Chris comes under the scrutiny of a gang planning to rob the bank. Their leader Gary, who knew Chris from high school before his accident, befriends him and uses his accomplice, a woman with the stage name Luvlee Lemons, to seduce him. Gary manipulates Chris into going along with their scheme by using his insecurities and limitations since the accident, causing Chris to start lashing out at his friends, including Lewis. Lewis, who recognizes that Luvlee is manipulating Chris, confronts her, and she leaves Chris and the gang before the robbery.

On the night of the robbery, Mr. Tuttle acknowledges Chris' strengths and offers to discuss the teller job. Chris has a change of heart but the gang forces him to empty the vault at gunpoint. Ted stumbles upon the robbery; in the ensuing shootout, Ted kills two of the robbers, and fatally wounds Gary before one of the other members, Bone, shoots Ted dead. Escaping in the getaway car, Chris discovers the stolen money in the trunk and realizes that the gang was planning to kill and frame him for the whole thing.
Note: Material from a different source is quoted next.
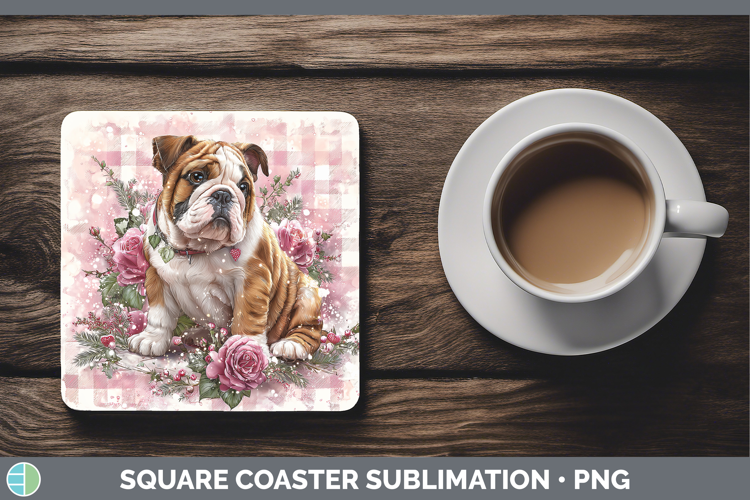 Bulldog Dogs 02 Checker Valentine Square Coaster Sublimation

Gary and Bone take Lewis hostage to get the money back. Using his sequencing skills, Chris hatches a plan to save his friend and take down the robbers. He sneaks into his parents' home to take one of their guns, hides it in one of the money bags, and buries the money at the road of his accident. The robbers force him to take them to the buried cash.
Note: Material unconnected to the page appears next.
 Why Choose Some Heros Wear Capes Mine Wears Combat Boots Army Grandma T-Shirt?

While Chris digs in the snow, Gary's wounded condition deteriorates. As Bone prepares to shoot Lewis, Chris shoots Bone dead with the shotgun he stashed in the money bag. Gary collapses and dies. Chris returns the money to the bank and turns himself in, but the FBI investigation concludes that he was not responsible due to his mental condition; because the robbers failed to disconnect the video surveillance, the FBI sees that Chris was forced to act at gunpoint.
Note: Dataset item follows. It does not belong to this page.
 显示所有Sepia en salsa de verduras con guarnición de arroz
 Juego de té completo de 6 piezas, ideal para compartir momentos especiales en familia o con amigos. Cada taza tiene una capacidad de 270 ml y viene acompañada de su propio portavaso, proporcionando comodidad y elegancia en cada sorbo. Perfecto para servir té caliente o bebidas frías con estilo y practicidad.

Chris and Lewis open a small restaurant together with a loan from Mr. Tuttle. As Chris reflects on his accident, he reconciles with his father and hopes Kelly will forgive him and that one day he will find the courage to apologize to her.

==Production==
Although set near Kansas City, Missouri, the bank in the movie was filmed in the town of Hartney, Manitoba, using the town's Museum, and city scenes were filmed in Winnipeg, Manitoba. Scenes of the skating rink were filmed behind the Millennium Library, and the exterior of Chris's apartment was filmed in the Exchange District and various historic sites in Winnipeg including the Bank of Montreal (1911–13), the Ambassador Apartments (1909), the interior of the Market Building (1899) and the James Ashdown House at 529 Wellington (1913). The Ambassador Apartments appear on the film's poster.

==Reception==
The Lookout has an aggregated score of 87% at Rotten Tomatoes based on 164 reviews. The critical consensus reads, "The Lookout is a genuinely suspenseful and affecting noir due to the great ensemble cast and their complex, realistic characters." On Metacritic, the film has a score 73 out of 100 based on 33 reviews, indicating "generally favorable reviews". Particularly favorable reviews came from Richard Roeper and Leonard Maltin, with the latter praising the film as "the best movie so far" of the first half of 2007.

The Lookout won the award for Best First Feature at the 2008 Independent Spirit Awards.

==Soundtrack==
The score was composed by James Newton Howard and was his first collaboration with director Scott Frank. Frequent collaborators Stuart Michael Thomas and Clay Duncan are credited with additional music. The score was orchestrated by Brad Dechter, Stuart Michael Thomas, and Chris P. Bacon, who also conducted. Several songs were featured including "One Big Holiday" and "Lay Low", both performed by My Morning Jacket.